▶ [WORK ORDER]
Retype exactly what appears below from the line containing "Здесь предполагается, что" down to the line containing "基于马上赢品牌CT中持续追踪", keeping both end lines. Do not include pictures.

▶ [RECORD SET]
# # #
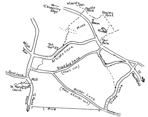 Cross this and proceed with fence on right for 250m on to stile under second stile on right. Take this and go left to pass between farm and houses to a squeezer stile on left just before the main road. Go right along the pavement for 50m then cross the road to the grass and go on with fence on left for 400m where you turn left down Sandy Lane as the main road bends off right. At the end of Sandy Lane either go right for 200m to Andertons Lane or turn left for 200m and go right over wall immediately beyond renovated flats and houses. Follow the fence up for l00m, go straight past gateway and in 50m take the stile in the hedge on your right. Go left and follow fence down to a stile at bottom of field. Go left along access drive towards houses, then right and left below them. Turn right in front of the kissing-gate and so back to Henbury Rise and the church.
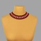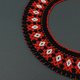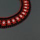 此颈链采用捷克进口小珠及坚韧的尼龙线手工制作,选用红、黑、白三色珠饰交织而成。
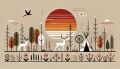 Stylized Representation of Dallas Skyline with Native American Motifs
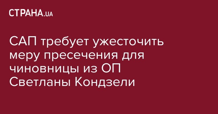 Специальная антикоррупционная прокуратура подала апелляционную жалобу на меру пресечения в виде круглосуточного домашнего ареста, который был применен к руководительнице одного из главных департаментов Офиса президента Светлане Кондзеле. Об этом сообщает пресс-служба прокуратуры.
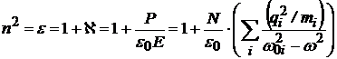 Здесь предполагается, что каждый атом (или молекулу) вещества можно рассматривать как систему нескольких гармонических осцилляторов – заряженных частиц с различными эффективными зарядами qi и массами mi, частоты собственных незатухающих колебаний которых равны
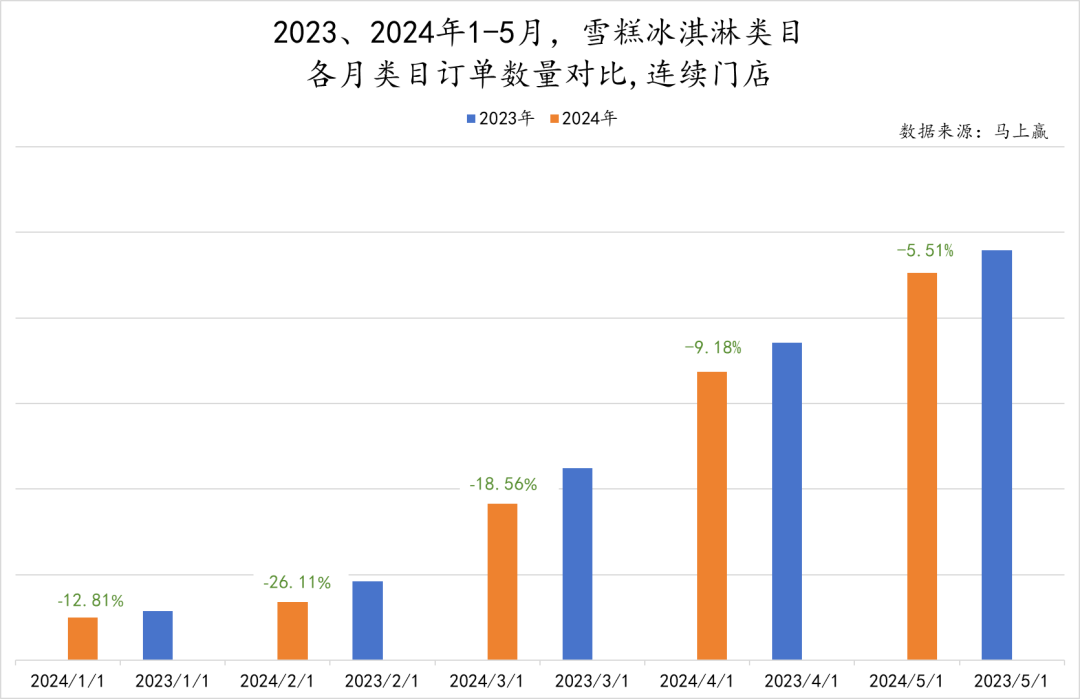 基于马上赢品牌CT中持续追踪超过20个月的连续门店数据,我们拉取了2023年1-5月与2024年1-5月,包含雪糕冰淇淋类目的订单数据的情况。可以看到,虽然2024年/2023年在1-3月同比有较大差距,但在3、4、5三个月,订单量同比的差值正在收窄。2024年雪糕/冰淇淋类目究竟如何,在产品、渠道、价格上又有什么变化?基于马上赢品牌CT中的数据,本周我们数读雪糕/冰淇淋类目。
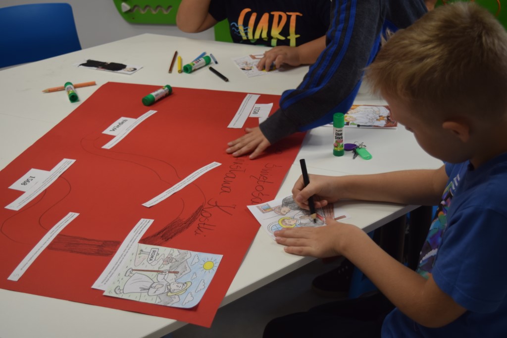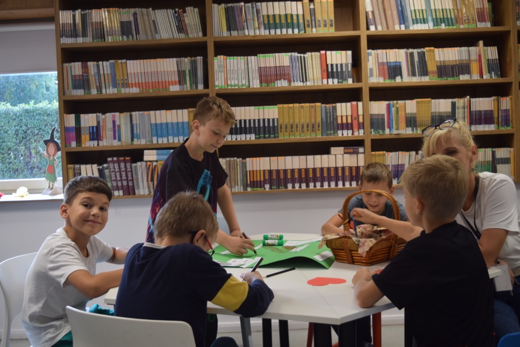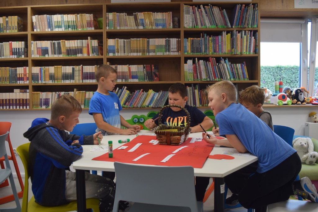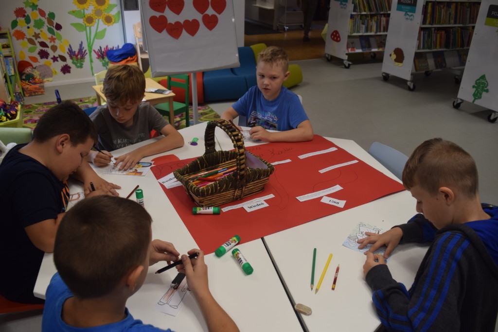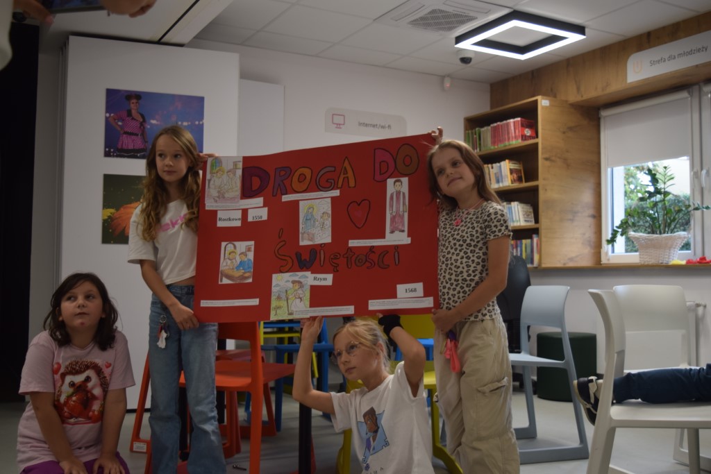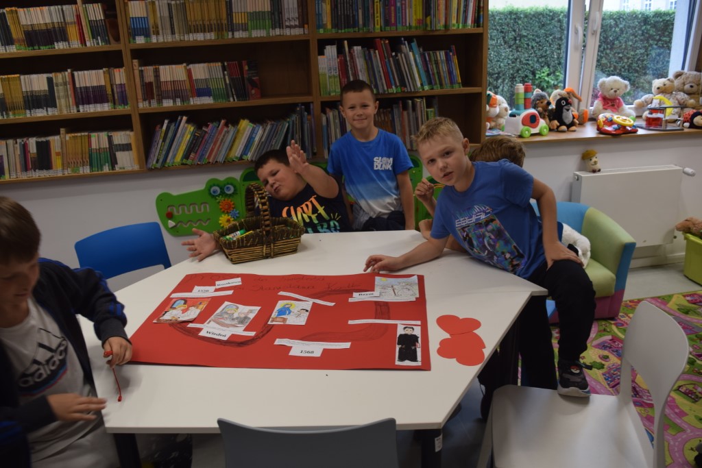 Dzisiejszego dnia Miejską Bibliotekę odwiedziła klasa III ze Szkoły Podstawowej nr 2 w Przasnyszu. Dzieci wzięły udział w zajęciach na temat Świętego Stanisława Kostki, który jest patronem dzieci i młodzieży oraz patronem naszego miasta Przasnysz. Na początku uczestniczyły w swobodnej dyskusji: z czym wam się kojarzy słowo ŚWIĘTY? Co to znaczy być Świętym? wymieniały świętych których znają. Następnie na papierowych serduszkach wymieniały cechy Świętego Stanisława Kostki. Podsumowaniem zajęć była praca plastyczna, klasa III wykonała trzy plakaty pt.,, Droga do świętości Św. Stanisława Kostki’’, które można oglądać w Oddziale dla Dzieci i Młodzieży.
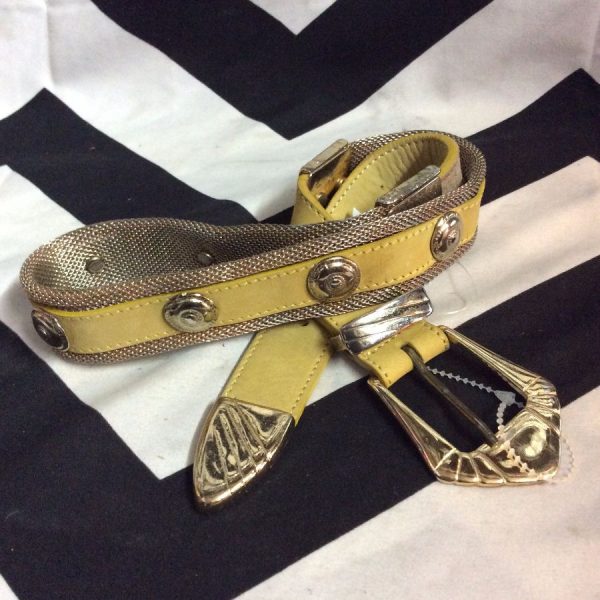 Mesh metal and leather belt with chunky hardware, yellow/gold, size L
# # #
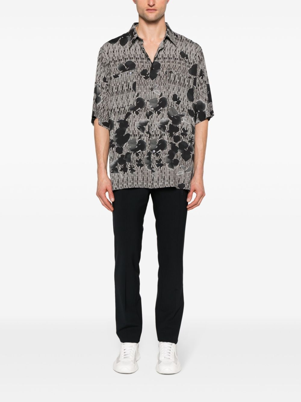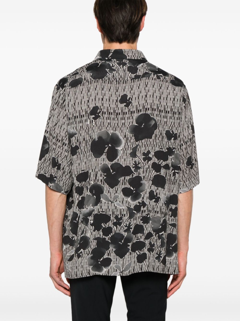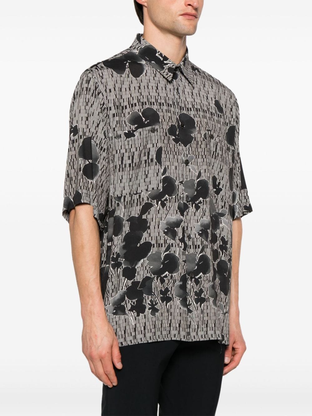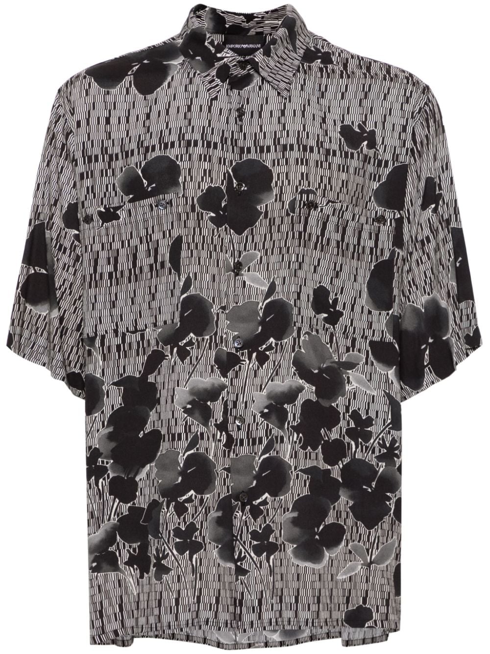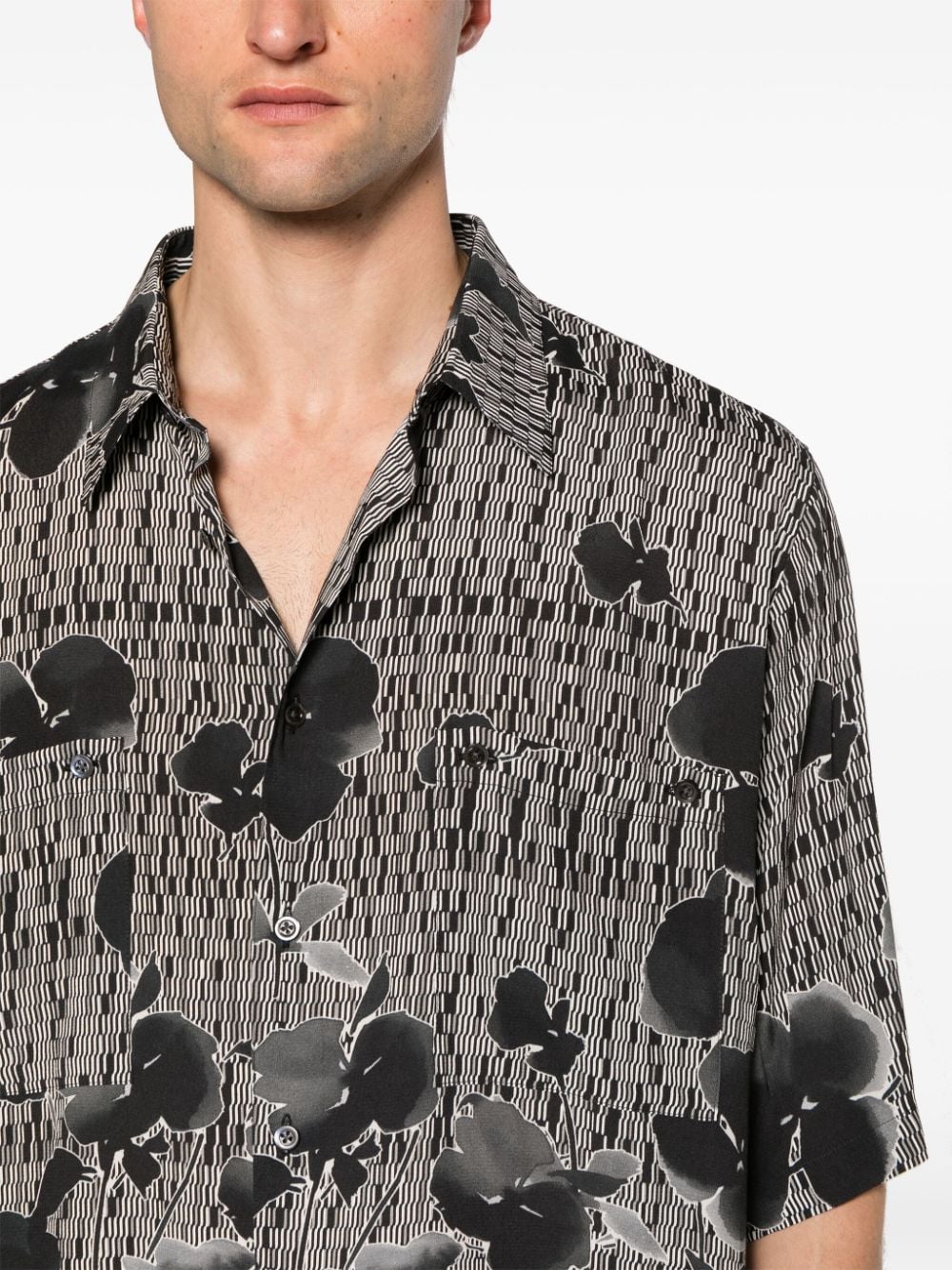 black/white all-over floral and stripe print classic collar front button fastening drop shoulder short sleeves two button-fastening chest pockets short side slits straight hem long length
# # #
▶ [OUTPUT FOR THIS EXERCISE]
 Здесь предполагается, что каждый атом (или молекулу) вещества можно рассматривать как систему нескольких гармонических осцилляторов – заряженных частиц с различными эффективными зарядами qi и массами mi, частоты собственных незатухающих колебаний которых равны
 基于马上赢品牌CT中持续追踪超过20个月的连续门店数据,我们拉取了2023年1-5月与2024年1-5月,包含雪糕冰淇淋类目的订单数据的情况。可以看到,虽然2024年/2023年在1-3月同比有较大差距,但在3、4、5三个月,订单量同比的差值正在收窄。2024年雪糕/冰淇淋类目究竟如何,在产品、渠道、价格上又有什么变化?基于马上赢品牌CT中的数据,本周我们数读雪糕/冰淇淋类目。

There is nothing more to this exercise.